WHAT THE EXERCISE ASKS:
Set down each entry as it stands. Skip the pictures.

RECORD EXCERPTS:
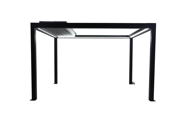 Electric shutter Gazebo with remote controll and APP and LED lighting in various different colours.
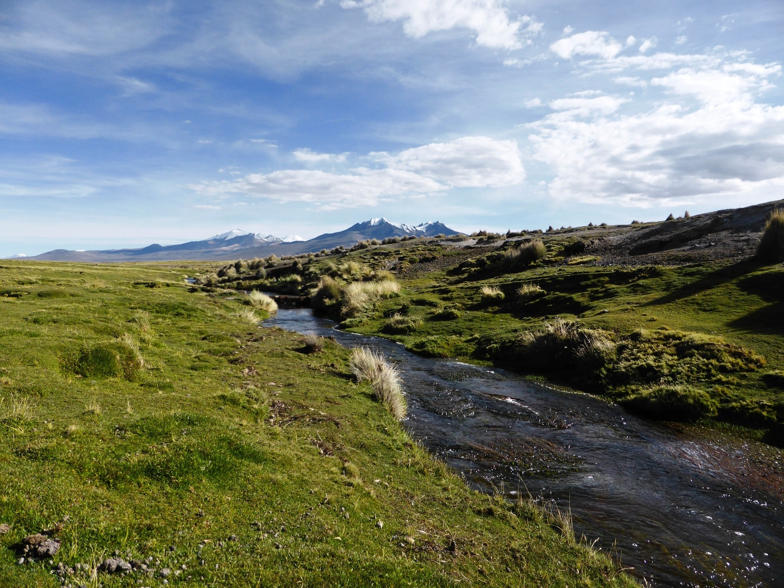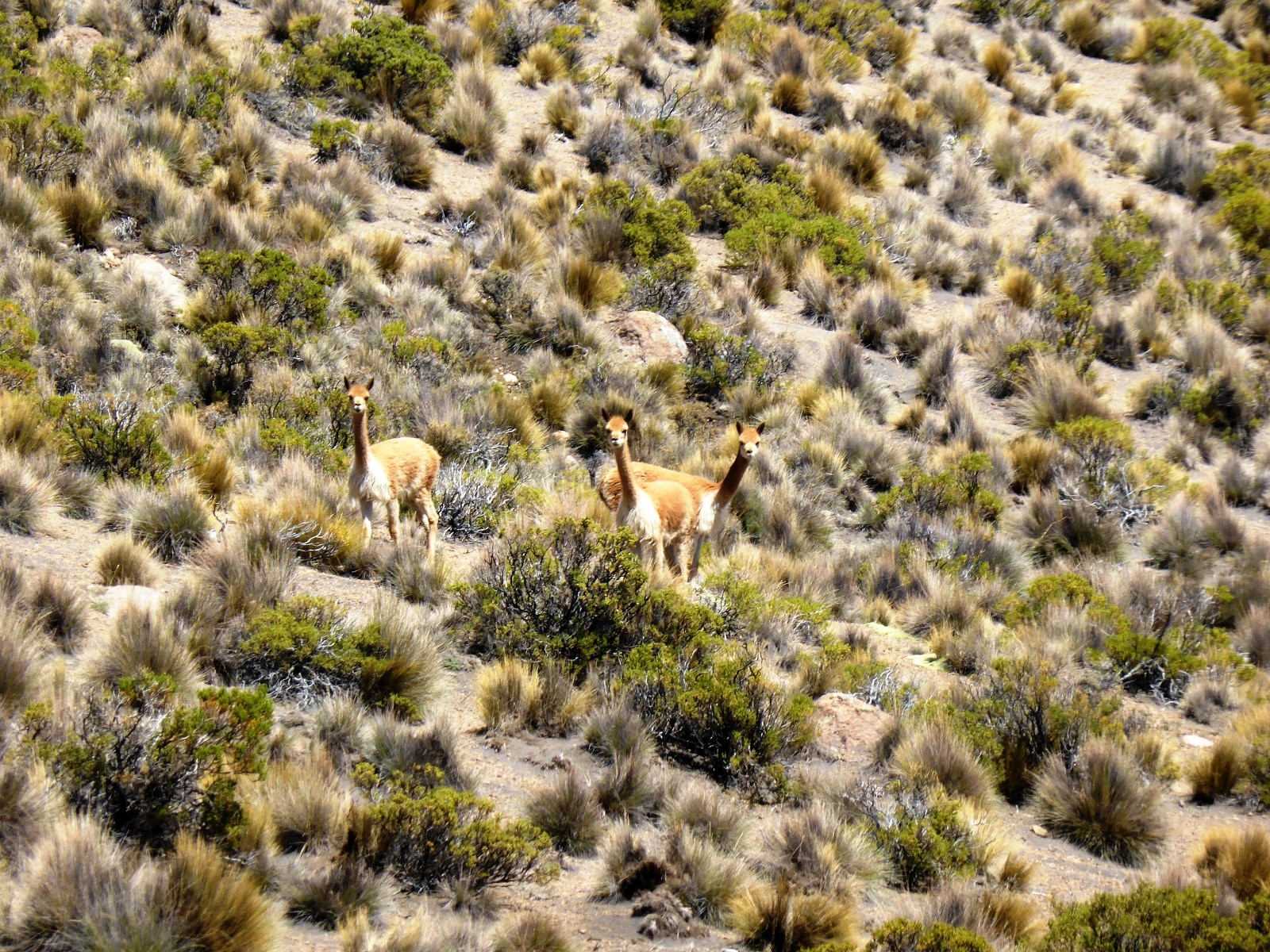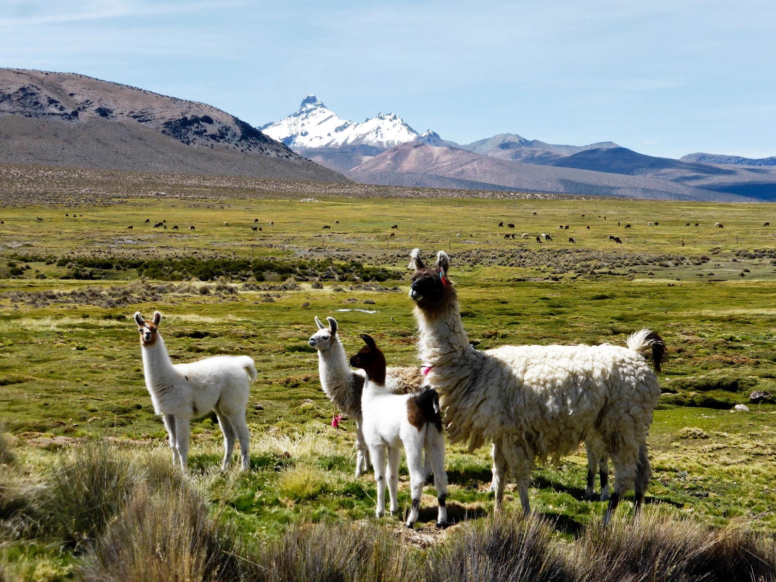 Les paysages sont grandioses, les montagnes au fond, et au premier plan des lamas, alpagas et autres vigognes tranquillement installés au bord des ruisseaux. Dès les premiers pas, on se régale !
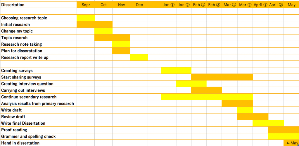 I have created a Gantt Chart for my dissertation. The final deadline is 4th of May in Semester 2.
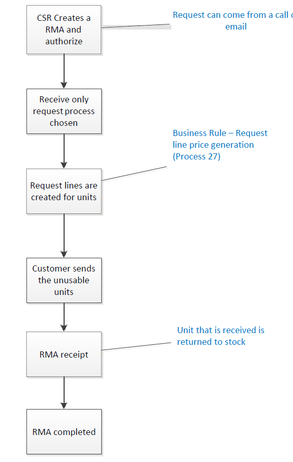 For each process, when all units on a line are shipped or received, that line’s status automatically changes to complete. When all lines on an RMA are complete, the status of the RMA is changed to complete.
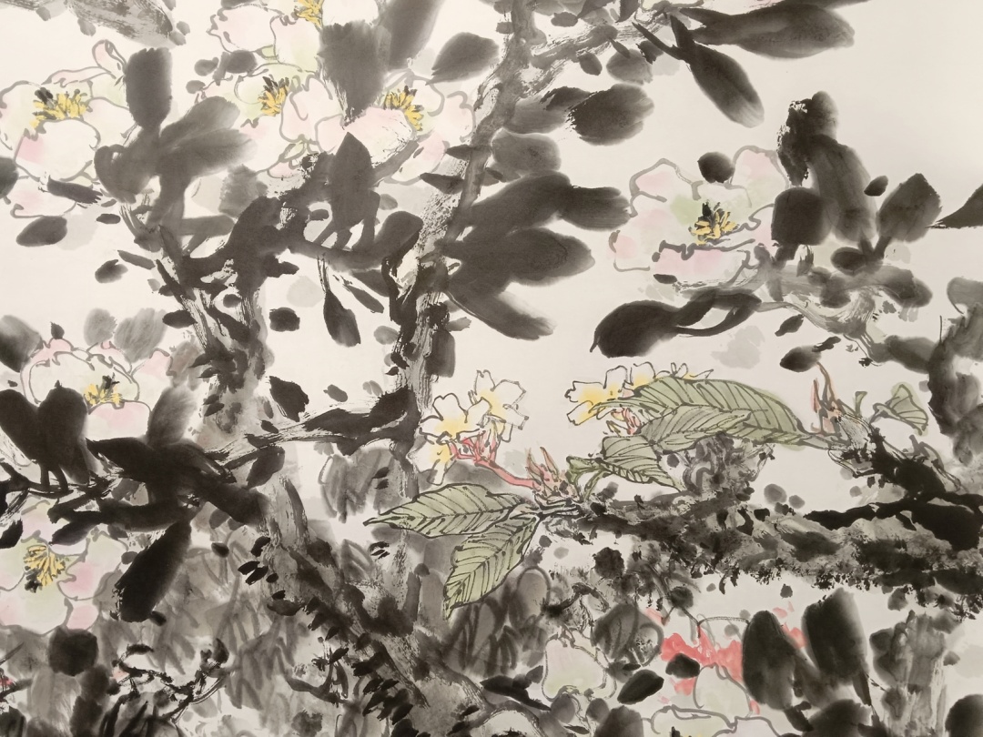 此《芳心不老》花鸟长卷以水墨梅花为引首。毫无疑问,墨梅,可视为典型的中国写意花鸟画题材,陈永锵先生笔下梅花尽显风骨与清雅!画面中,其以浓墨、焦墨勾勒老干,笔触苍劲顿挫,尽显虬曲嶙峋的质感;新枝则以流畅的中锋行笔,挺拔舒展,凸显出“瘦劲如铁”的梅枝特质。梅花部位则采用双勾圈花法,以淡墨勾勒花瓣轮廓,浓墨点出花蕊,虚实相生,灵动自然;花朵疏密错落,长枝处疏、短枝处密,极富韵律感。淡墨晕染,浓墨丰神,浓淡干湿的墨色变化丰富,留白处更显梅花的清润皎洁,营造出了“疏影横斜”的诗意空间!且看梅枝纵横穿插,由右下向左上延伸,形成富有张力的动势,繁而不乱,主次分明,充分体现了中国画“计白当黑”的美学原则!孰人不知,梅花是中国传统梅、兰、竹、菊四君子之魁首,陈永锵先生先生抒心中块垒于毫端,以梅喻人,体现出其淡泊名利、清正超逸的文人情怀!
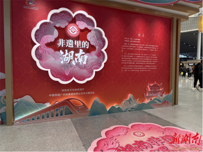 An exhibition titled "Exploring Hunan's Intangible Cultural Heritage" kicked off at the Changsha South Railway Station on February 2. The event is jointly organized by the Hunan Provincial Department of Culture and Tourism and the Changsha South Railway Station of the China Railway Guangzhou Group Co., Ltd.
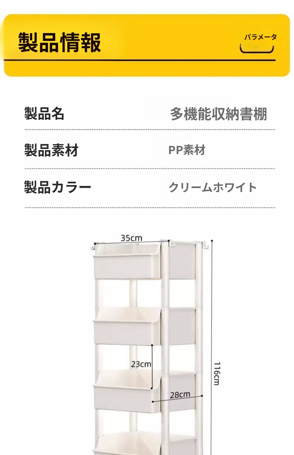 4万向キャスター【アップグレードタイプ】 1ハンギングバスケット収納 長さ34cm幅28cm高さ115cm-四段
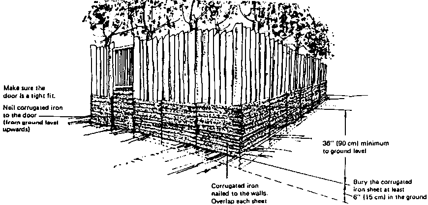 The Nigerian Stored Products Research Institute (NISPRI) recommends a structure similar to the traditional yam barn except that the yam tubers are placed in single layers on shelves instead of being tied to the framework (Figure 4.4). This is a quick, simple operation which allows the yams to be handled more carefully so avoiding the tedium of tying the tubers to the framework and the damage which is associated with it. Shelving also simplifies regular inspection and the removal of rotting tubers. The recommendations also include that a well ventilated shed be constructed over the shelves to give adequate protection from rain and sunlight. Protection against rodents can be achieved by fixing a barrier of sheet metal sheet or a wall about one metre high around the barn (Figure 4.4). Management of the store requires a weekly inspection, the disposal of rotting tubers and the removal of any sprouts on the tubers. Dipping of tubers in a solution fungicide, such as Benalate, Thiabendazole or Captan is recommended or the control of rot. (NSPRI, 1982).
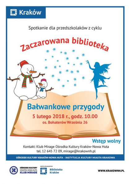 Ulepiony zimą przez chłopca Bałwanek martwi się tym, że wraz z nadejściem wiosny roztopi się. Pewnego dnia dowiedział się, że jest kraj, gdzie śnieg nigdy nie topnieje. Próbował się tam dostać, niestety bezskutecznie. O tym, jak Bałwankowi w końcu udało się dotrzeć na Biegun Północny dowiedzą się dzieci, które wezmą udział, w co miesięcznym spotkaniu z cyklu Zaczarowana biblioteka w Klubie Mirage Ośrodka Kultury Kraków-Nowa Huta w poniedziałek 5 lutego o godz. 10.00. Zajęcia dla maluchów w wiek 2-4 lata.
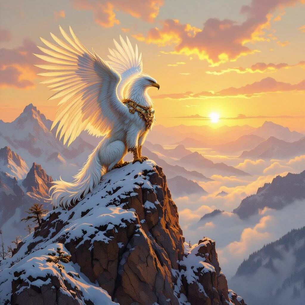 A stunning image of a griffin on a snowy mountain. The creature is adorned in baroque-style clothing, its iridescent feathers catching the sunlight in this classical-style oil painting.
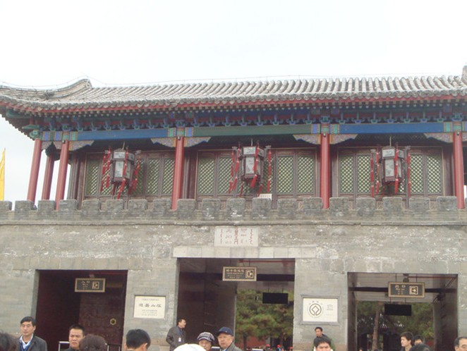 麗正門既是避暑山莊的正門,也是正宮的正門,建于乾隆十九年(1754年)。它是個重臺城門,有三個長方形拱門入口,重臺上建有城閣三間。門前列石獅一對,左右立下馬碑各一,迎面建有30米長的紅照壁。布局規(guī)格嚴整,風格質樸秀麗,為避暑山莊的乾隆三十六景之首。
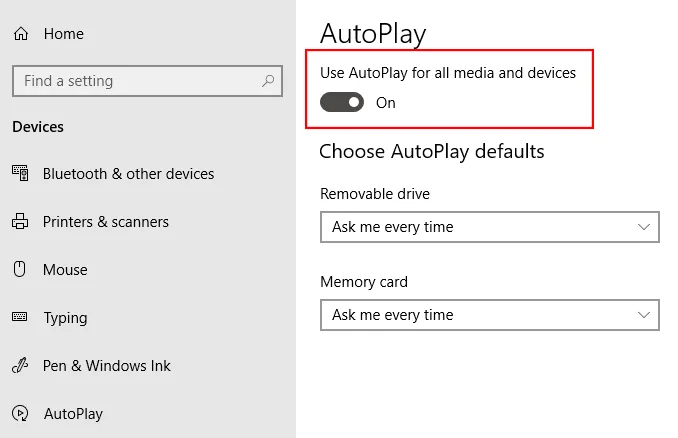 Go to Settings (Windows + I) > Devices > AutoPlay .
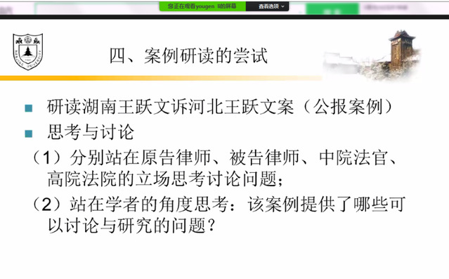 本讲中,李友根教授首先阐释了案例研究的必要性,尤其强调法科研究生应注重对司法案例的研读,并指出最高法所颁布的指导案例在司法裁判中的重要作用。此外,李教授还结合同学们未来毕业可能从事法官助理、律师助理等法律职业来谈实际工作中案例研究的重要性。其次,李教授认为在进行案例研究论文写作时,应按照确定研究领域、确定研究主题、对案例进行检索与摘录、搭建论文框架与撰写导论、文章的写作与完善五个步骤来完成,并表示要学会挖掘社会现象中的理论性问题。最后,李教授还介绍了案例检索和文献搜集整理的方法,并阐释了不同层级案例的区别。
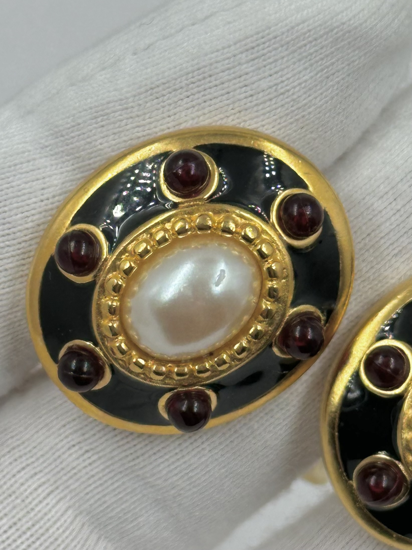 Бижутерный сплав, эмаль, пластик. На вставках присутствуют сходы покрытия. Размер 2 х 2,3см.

SOLUTION FOR THIS EXERCISE:
 Electric shutter Gazebo with remote controll and APP and LED lighting in various different colours.
 Les paysages sont grandioses, les montagnes au fond, et au premier plan des lamas, alpagas et autres vigognes tranquillement installés au bord des ruisseaux. Dès les premiers pas, on se régale !
 I have created a Gantt Chart for my dissertation. The final deadline is 4th of May in Semester 2.
 For each process, when all units on a line are shipped or received, that line’s status automatically changes to complete. When all lines on an RMA are complete, the status of the RMA is changed to complete.
 此《芳心不老》花鸟长卷以水墨梅花为引首。毫无疑问,墨梅,可视为典型的中国写意花鸟画题材,陈永锵先生笔下梅花尽显风骨与清雅!画面中,其以浓墨、焦墨勾勒老干,笔触苍劲顿挫,尽显虬曲嶙峋的质感;新枝则以流畅的中锋行笔,挺拔舒展,凸显出“瘦劲如铁”的梅枝特质。梅花部位则采用双勾圈花法,以淡墨勾勒花瓣轮廓,浓墨点出花蕊,虚实相生,灵动自然;花朵疏密错落,长枝处疏、短枝处密,极富韵律感。淡墨晕染,浓墨丰神,浓淡干湿的墨色变化丰富,留白处更显梅花的清润皎洁,营造出了“疏影横斜”的诗意空间!且看梅枝纵横穿插,由右下向左上延伸,形成富有张力的动势,繁而不乱,主次分明,充分体现了中国画“计白当黑”的美学原则!孰人不知,梅花是中国传统梅、兰、竹、菊四君子之魁首,陈永锵先生先生抒心中块垒于毫端,以梅喻人,体现出其淡泊名利、清正超逸的文人情怀!
 An exhibition titled "Exploring Hunan's Intangible Cultural Heritage" kicked off at the Changsha South Railway Station on February 2. The event is jointly organized by the Hunan Provincial Department of Culture and Tourism and the Changsha South Railway Station of the China Railway Guangzhou Group Co., Ltd.
 4万向キャスター【アップグレードタイプ】 1ハンギングバスケット収納 長さ34cm幅28cm高さ115cm-四段
 The Nigerian Stored Products Research Institute (NISPRI) recommends a structure similar to the traditional yam barn except that the yam tubers are placed in single layers on shelves instead of being tied to the framework (Figure 4.4). This is a quick, simple operation which allows the yams to be handled more carefully so avoiding the tedium of tying the tubers to the framework and the damage which is associated with it. Shelving also simplifies regular inspection and the removal of rotting tubers. The recommendations also include that a well ventilated shed be constructed over the shelves to give adequate protection from rain and sunlight. Protection against rodents can be achieved by fixing a barrier of sheet metal sheet or a wall about one metre high around the barn (Figure 4.4). Management of the store requires a weekly inspection, the disposal of rotting tubers and the removal of any sprouts on the tubers. Dipping of tubers in a solution fungicide, such as Benalate, Thiabendazole or Captan is recommended or the control of rot. (NSPRI, 1982).
 Ulepiony zimą przez chłopca Bałwanek martwi się tym, że wraz z nadejściem wiosny roztopi się. Pewnego dnia dowiedział się, że jest kraj, gdzie śnieg nigdy nie topnieje. Próbował się tam dostać, niestety bezskutecznie. O tym, jak Bałwankowi w końcu udało się dotrzeć na Biegun Północny dowiedzą się dzieci, które wezmą udział, w co miesięcznym spotkaniu z cyklu Zaczarowana biblioteka w Klubie Mirage Ośrodka Kultury Kraków-Nowa Huta w poniedziałek 5 lutego o godz. 10.00. Zajęcia dla maluchów w wiek 2-4 lata.
 A stunning image of a griffin on a snowy mountain. The creature is adorned in baroque-style clothing, its iridescent feathers catching the sunlight in this classical-style oil painting.
 麗正門既是避暑山莊的正門,也是正宮的正門,建于乾隆十九年(1754年)。它是個重臺城門,有三個長方形拱門入口,重臺上建有城閣三間。門前列石獅一對,左右立下馬碑各一,迎面建有30米長的紅照壁。布局規(guī)格嚴整,風格質樸秀麗,為避暑山莊的乾隆三十六景之首。
 Go to Settings (Windows + I) > Devices > AutoPlay .
 本讲中,李友根教授首先阐释了案例研究的必要性,尤其强调法科研究生应注重对司法案例的研读,并指出最高法所颁布的指导案例在司法裁判中的重要作用。此外,李教授还结合同学们未来毕业可能从事法官助理、律师助理等法律职业来谈实际工作中案例研究的重要性。其次,李教授认为在进行案例研究论文写作时,应按照确定研究领域、确定研究主题、对案例进行检索与摘录、搭建论文框架与撰写导论、文章的写作与完善五个步骤来完成,并表示要学会挖掘社会现象中的理论性问题。最后,李教授还介绍了案例检索和文献搜集整理的方法,并阐释了不同层级案例的区别。
 Бижутерный сплав, эмаль, пластик. На вставках присутствуют сходы покрытия. Размер 2 х 2,3см.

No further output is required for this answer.